Enter Dick Lee, Skidaway Institute scientist. Lee and fellow staffer Karrie Brinkley have developed a non-polluting aquaculture system specifically designed to raise black sea bass for the fast-growing sushi market.

“Black sea bass is a very popular fish here,” Lee says. “The minute black sea bass comes in at Russo Seafood, it’s gone. This has put quite a lot of pressure on this fish, to the point where the legal limit has been raised because of the demand for it.”

Lee says the going rate for a two-pound black sea bass, providing 30-40 sashimi slices, is about $20, but that can easily double in the case of the sushi market overseas.

In the SkIO project, the water in the long pens in which the bass are raised is recycled, with no pollutants being released into natural waterways — not the case with most fish farms, which increasingly are seen as part of the problem of overfishing rather than part of the solution.

Another facet of the SkIO project is that it feeds the black sea bass a diet of juvenile tilapia, rather than the preformed food pellets used by most fish farms.

“If you use the pellets, you have a waste problem. About thirty percent of them aren’t eaten,” Lee explains.

“But tilapia are easy to keep and feed and breed. And because they’re freshwater fish, that avoids a lot of problems with disease, because there’s very little chance of a disease moving from freshwater to saltwater,” he says.

Lee says there’s no waste with the tilapia, since if they’re not eaten right away, “they just keep on swimming around until they are.”

Though freshwater fish, tilapia can survive several days in a saline environment, but are almost always consumed by the bass within that time anyway.

SkIO also raises “aquaponic” produce, like cucumber and edible seaweed, with water from the black sea bass project.

The sea bass and the aquaponic produce took part in a blind taste test last week, as invited guests gathered at SkIO’s Roebling House to give their input as to how well the project might fare with actual consumers.

There was a clear taste difference between the three different plates of black sea bass sashimi, prepared by chef A.K. Tran of Sushi Time Towa: one sample was raised on the typical commercial food pellet diet, one sample was oceangoing wild sea bass caught locally, and one sample was raised at SkIO on the tilapia diet.

The former was healthy and well-textured, but lacking any strong taste either way.
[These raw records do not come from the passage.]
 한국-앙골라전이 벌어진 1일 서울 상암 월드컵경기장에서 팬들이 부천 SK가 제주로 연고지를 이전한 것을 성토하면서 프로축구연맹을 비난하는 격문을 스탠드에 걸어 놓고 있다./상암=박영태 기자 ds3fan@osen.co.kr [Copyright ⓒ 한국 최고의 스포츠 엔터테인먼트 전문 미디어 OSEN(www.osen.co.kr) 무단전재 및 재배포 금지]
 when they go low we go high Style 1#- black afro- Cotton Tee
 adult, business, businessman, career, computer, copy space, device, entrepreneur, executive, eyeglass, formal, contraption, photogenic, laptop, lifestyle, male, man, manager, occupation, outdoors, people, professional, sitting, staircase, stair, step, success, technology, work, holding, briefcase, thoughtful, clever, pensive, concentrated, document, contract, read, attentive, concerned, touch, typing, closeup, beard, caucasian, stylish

The second was good, but had a strong aftertaste. The SkIO sushi had a distinctive tang that wasn’t unpleasant, but frankly might limit its mass market appeal.
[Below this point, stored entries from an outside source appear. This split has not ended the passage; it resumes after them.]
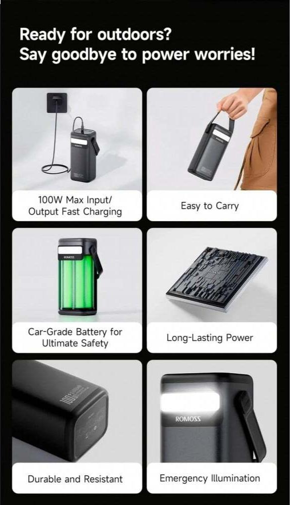 Універсальна батарея Romoss PMT60 є потужним і надійним портативним джерелом енергії, розробленим для користувачів, які потребують високої місткості та швидкої зарядки в умовах обмеженого доступу до мережі, таких як довгі поїздки, кемпінг чи екстрені ситуації, забезпечуючи безперервну роботу ґаджетів без компромісів у безпеці чи ефективності.
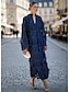 Corte A Vestidos Hasta el Tobillo Vestido maxi Vestido de Fiesta Vestido Cóctel Vestido de Madrina Manga Larga Escote en Pico Elegante Vintage Lujoso Formal Invitado a la boda El derby de Kentucky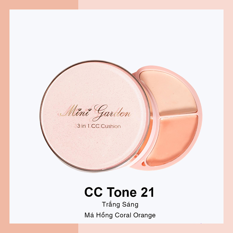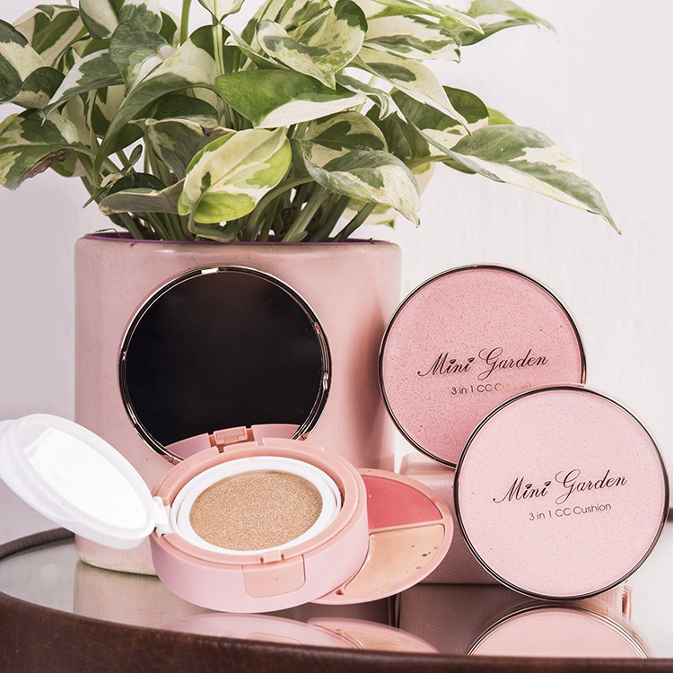 MINI GARDEN 3 IN 1 CC CUSHION tích hợp 3 trong 1 sản phẩm: CC Cushion + Che Khuyết Điểm + Phấn má hồng.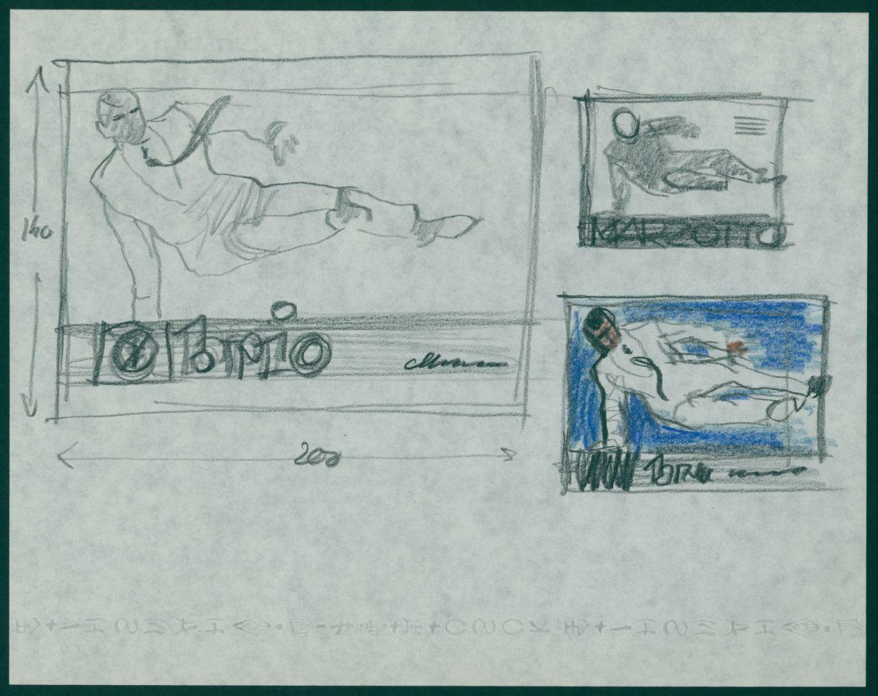 Studio per manifesto pubblicitario della società Marzotto. uomini con abiti eleganti eseguono un salto laterale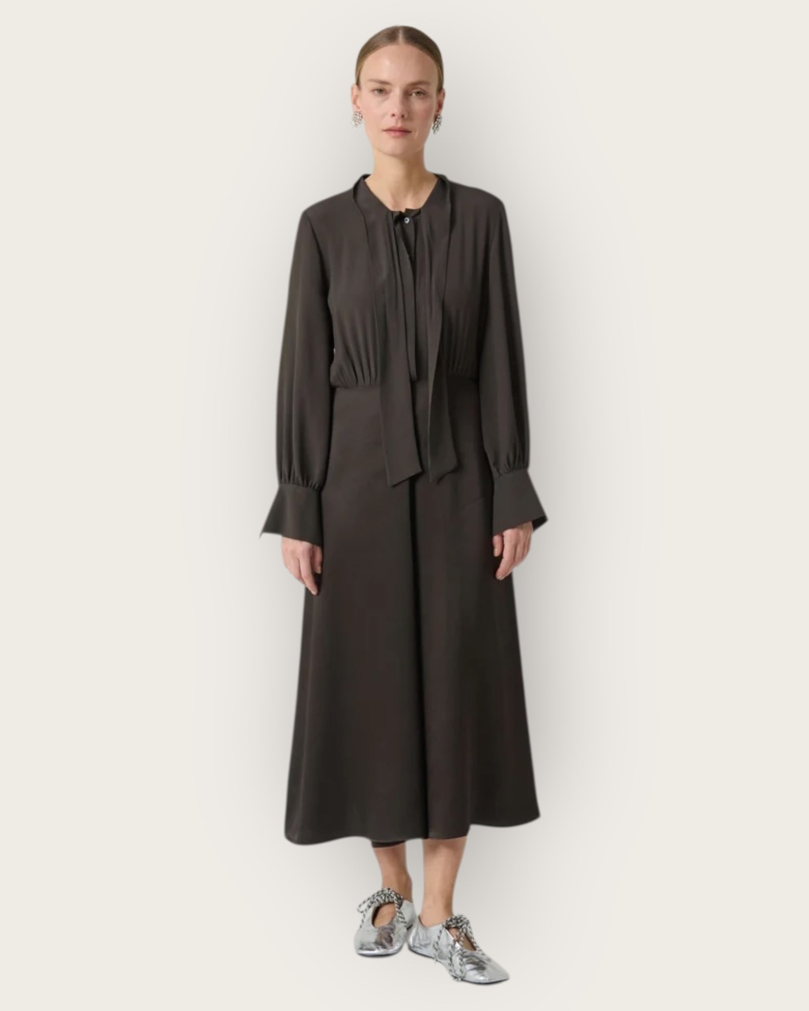 Elevate your wardrobe with this exquisite Beatrice Brown satin dress in size 8. Crafted from luxurious satin fabric, this piece showcases timeless elegance with a refined silhouette perfect for special occasions or sophisticated evenings out. The rich brown tone offers versatility, pairing effortlessly with statement jewellery or classic accessories. A standout addition to this season's collection, this dress embodies contemporary style with enduring appeal.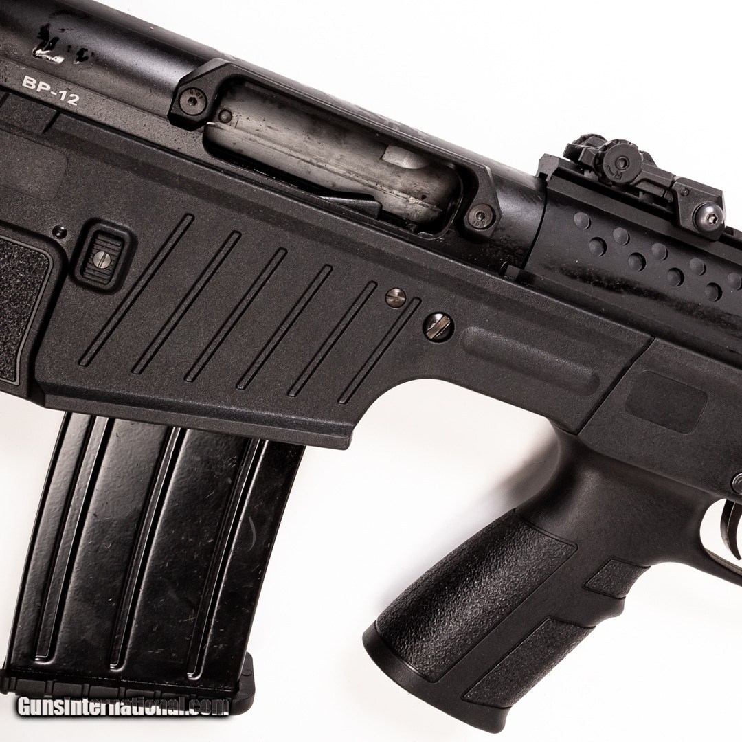 Description: Guns Listing ID: 513157 The Centurion BP-12 Bullpup Shotgun 12ga is very similar to the Panzer Arms AR-12, with the controls being completely ambidextrous. There are multiple Picatinny rails for easy mounting of optics or accessories. The BP-12 has a top AR-15 style charging handle to accommodate both left and right-handed shooters, as well as a side charging handle for right-handed shooters. This BP-12 is in very good condition and includes one 5-round magazine and three chokes (full, modified, and improved cylinder). SOLD Manufacturer: CENTURY ARMS Model: CENTURION BP-12 Condition: Used - Certified Barrels: 20 BARREL Gauge Info: 12 GA Finish: BLACK |

The produce was uniformly excellent, both in texture and in taste.

So what role does Lee see for SkIO in putting these products to market?

“We don’t necessarily see us getting involved in actually making money off of it, because that might conflict with our mission here,” he says.

“But for example, if we could get something going down in McIntosh County — the poorest county in Georgia — and help create 40 or 50 new jobs there, that would be a great service we could provide to the area.”